• Given information:
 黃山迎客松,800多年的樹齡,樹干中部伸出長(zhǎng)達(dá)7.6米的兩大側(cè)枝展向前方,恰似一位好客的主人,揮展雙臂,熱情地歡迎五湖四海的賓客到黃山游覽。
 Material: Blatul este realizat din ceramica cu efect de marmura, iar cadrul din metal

---

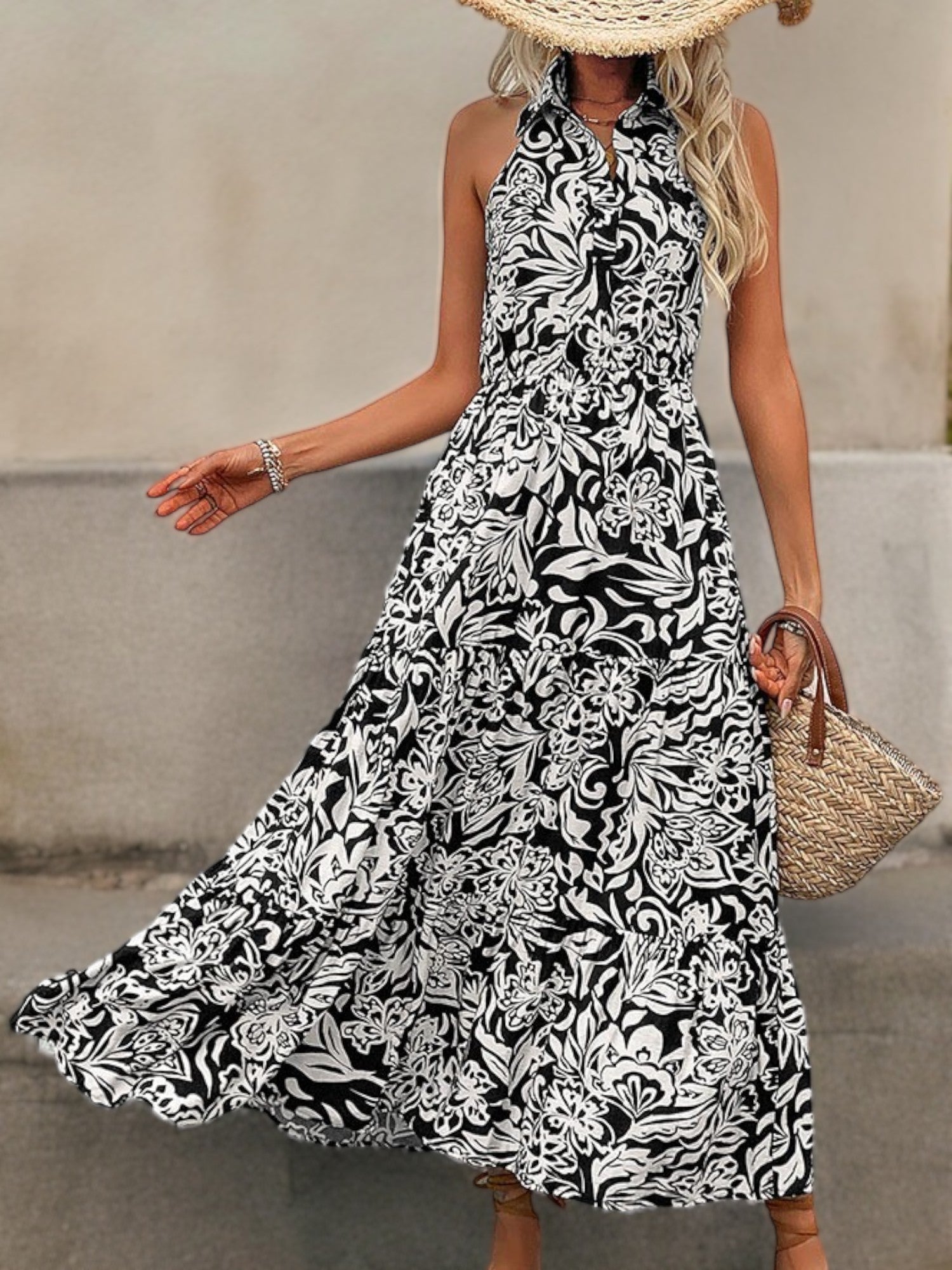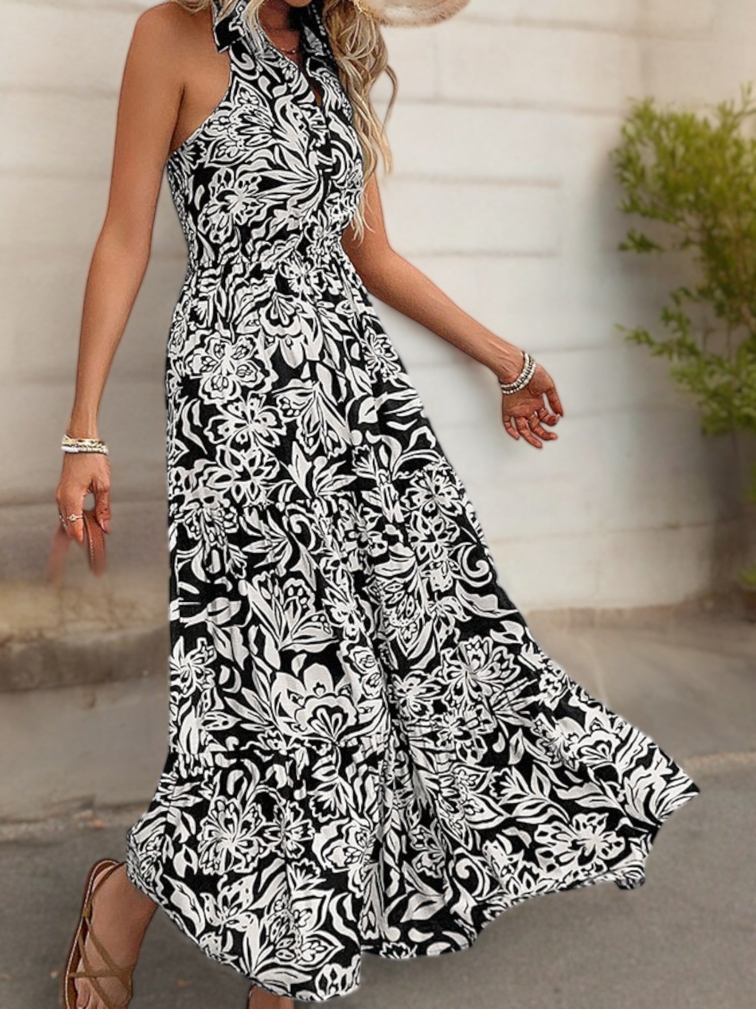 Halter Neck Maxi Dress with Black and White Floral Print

---

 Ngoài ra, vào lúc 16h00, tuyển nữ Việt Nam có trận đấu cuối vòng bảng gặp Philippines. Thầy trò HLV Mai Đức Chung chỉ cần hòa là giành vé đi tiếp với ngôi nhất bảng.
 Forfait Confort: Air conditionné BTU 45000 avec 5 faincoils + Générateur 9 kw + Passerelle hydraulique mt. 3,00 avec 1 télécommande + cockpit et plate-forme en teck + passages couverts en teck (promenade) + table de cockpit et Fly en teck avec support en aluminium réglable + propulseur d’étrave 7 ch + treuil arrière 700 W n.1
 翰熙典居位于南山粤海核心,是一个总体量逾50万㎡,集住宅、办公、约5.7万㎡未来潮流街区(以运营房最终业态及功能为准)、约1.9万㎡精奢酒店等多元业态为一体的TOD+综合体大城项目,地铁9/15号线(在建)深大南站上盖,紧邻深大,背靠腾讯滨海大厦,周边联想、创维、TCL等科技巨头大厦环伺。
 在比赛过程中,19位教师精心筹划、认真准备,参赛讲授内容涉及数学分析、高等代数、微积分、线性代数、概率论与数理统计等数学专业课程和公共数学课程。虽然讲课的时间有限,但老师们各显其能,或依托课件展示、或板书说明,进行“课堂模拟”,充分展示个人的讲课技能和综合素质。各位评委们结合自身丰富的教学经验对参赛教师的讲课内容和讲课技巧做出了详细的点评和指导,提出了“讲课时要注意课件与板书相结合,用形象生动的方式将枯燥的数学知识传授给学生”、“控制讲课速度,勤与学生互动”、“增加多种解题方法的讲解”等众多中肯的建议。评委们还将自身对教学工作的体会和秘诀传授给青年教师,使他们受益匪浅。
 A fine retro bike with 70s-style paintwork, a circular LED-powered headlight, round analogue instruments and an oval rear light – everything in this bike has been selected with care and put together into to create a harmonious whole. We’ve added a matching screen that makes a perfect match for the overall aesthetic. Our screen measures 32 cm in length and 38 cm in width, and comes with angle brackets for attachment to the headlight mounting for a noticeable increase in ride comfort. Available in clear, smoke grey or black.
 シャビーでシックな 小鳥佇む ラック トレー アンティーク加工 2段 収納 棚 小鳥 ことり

• Exercise instructions: From the line holding "在比赛过程中,19位教师精心" to the line holding "シャビーでシックな 小鳥佇む ラック", inclusive, restate each line above exactly as written.

• Written answer:
 在比赛过程中,19位教师精心筹划、认真准备,参赛讲授内容涉及数学分析、高等代数、微积分、线性代数、概率论与数理统计等数学专业课程和公共数学课程。虽然讲课的时间有限,但老师们各显其能,或依托课件展示、或板书说明,进行“课堂模拟”,充分展示个人的讲课技能和综合素质。各位评委们结合自身丰富的教学经验对参赛教师的讲课内容和讲课技巧做出了详细的点评和指导,提出了“讲课时要注意课件与板书相结合,用形象生动的方式将枯燥的数学知识传授给学生”、“控制讲课速度,勤与学生互动”、“增加多种解题方法的讲解”等众多中肯的建议。评委们还将自身对教学工作的体会和秘诀传授给青年教师,使他们受益匪浅。
 A fine retro bike with 70s-style paintwork, a circular LED-powered headlight, round analogue instruments and an oval rear light – everything in this bike has been selected with care and put together into to create a harmonious whole. We’ve added a matching screen that makes a perfect match for the overall aesthetic. Our screen measures 32 cm in length and 38 cm in width, and comes with angle brackets for attachment to the headlight mounting for a noticeable increase in ride comfort. Available in clear, smoke grey or black.
 シャビーでシックな 小鳥佇む ラック トレー アンティーク加工 2段 収納 棚 小鳥 ことり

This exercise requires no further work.